21 March 2011

  • Red Cardigan: Vintage Michael Kors, mommed
  • Black Jersey Dress: Ann Taylor, endlessly remixed
  • Black Tank: Gap maternity, via gap.com
  • Printed Silk Scarf (as belt): Vintage Burberry, mommed
  • Brown Tweed Flats: L.L. Bean

Oh man . . . can it be spring already? We alternately suffered through and enjoyed the teasing weather all weekend, tempting the fate of sunny but slightly-too-cool-for-comfort days by putting in new plantings and shivering a bit through long walks before finally retreating for a serious basement cleanout and homework on Sunday afternoon. We woke up to a noisy storm this morning, but the rain seems to have tapered off . . . just in time for me to spend the day in the library and in what is seriously the coldest seminar room in history.

I’m balancing these competing meteorological demands, as well as those of a long and busy day, with removable layers built on bare legs and flats. I’m keeping things interesting, though, wearing a boldly (floral!) printed scarf as a belt, and mixing this pattern with the smaller-print tweed on my shoes. It’s not nearly as bold a pattern mix as the one I wore on Thursday, but it added a little more visual interest than plain black flats would have. In addition, despite my love for mixed neutrals, I know that black and mid-range brown can be a harsh contrast, so the tweed (and the visual separation of my bare legs) helps “blend” this mix a little more smoothly. And while it really is still the same dress, I’ve had to add a modesty cami under its surplice neckline, as it’s now a bit too va-va-voom for a day when we’re talking about the regulation of sexuality in the workplace!

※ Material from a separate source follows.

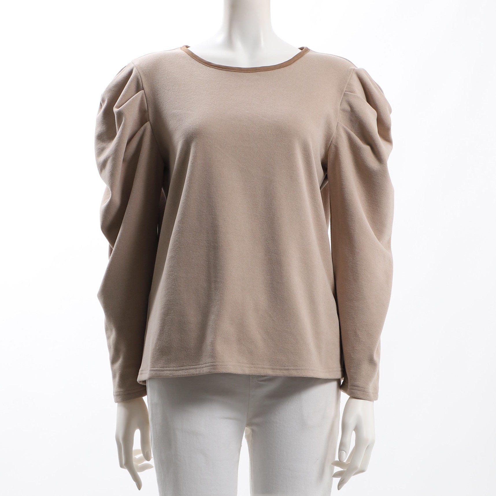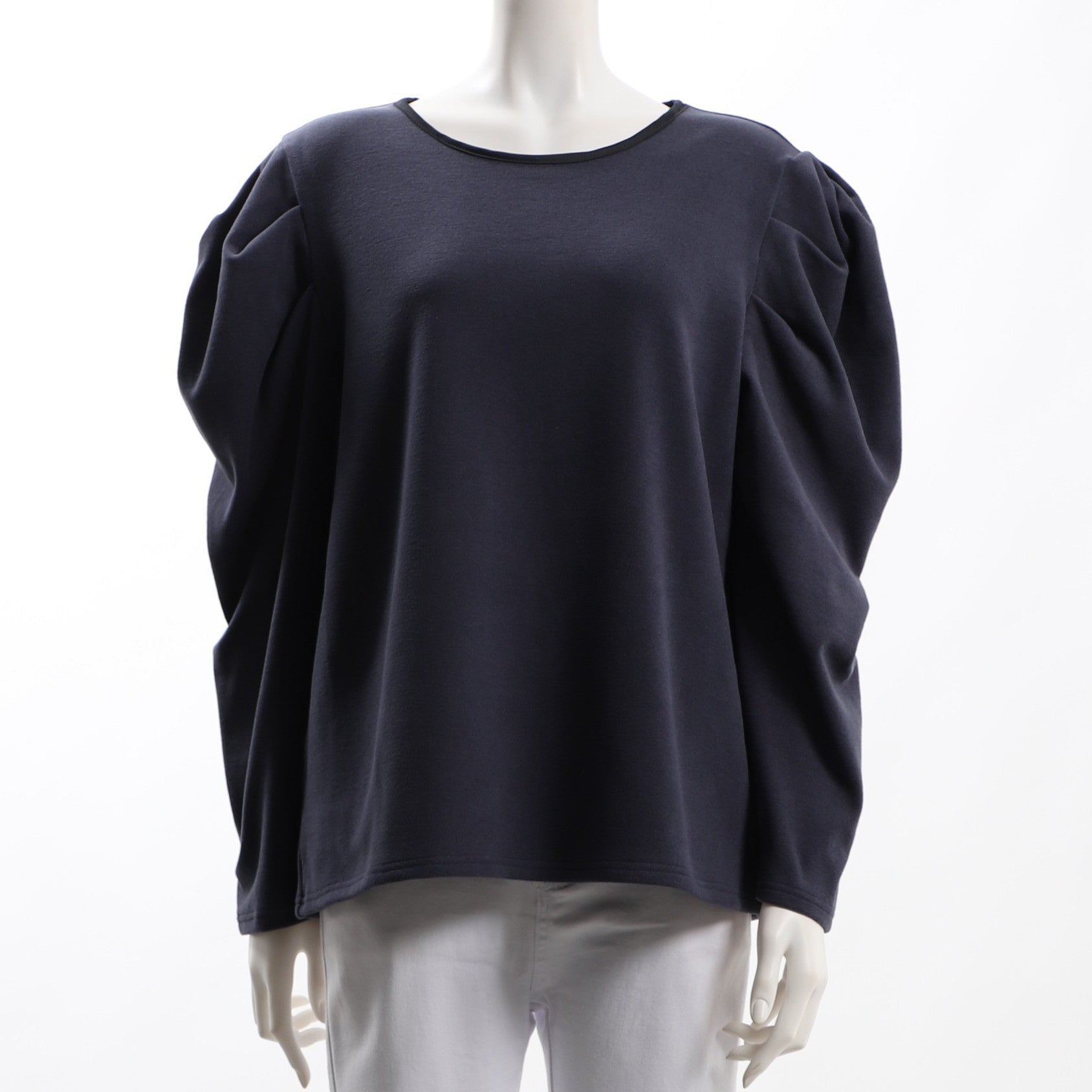ネックラインのパイピングやパワショルデザインがポイントのカットソー。タイトスカートを合わせてレディライクな着こなしに、スキニーパンツを合わせてクールめに着こなすのも素敵です。

I was flipping through the new issue of InStyle this weekend, and came across an interview with the guys from Proenza Schouler which taked about ways to wear spring’s bright colors trend (they were far less thorough than the academichics were on this topic this weekend!). Interestingly, they recommended wearing bright colors against black as a way to “manage” these spring brights, particularly at the office. I was surprised by this advice. Maybe it’s just the stuffy old person in me, but nothing says terrifying freshman year of college flashback to me like the idea of a woman in a bold orange/turquoise/pink top and black pants, and it’s hard for me to see how this kind of bright-against-black pairing could look either tasteful or professional, or do anything other than make them look brighter! Giving credit where credit is due, though, I’m giving their advice a try today, but with a color combination that, for me, is much more familiar: bold tomato red against black. I’m softening the abruptness of this contrast by using the floral print scarf as a bridge, but it still feels a bit . . . juvenile to me, somehow. Any suggestions?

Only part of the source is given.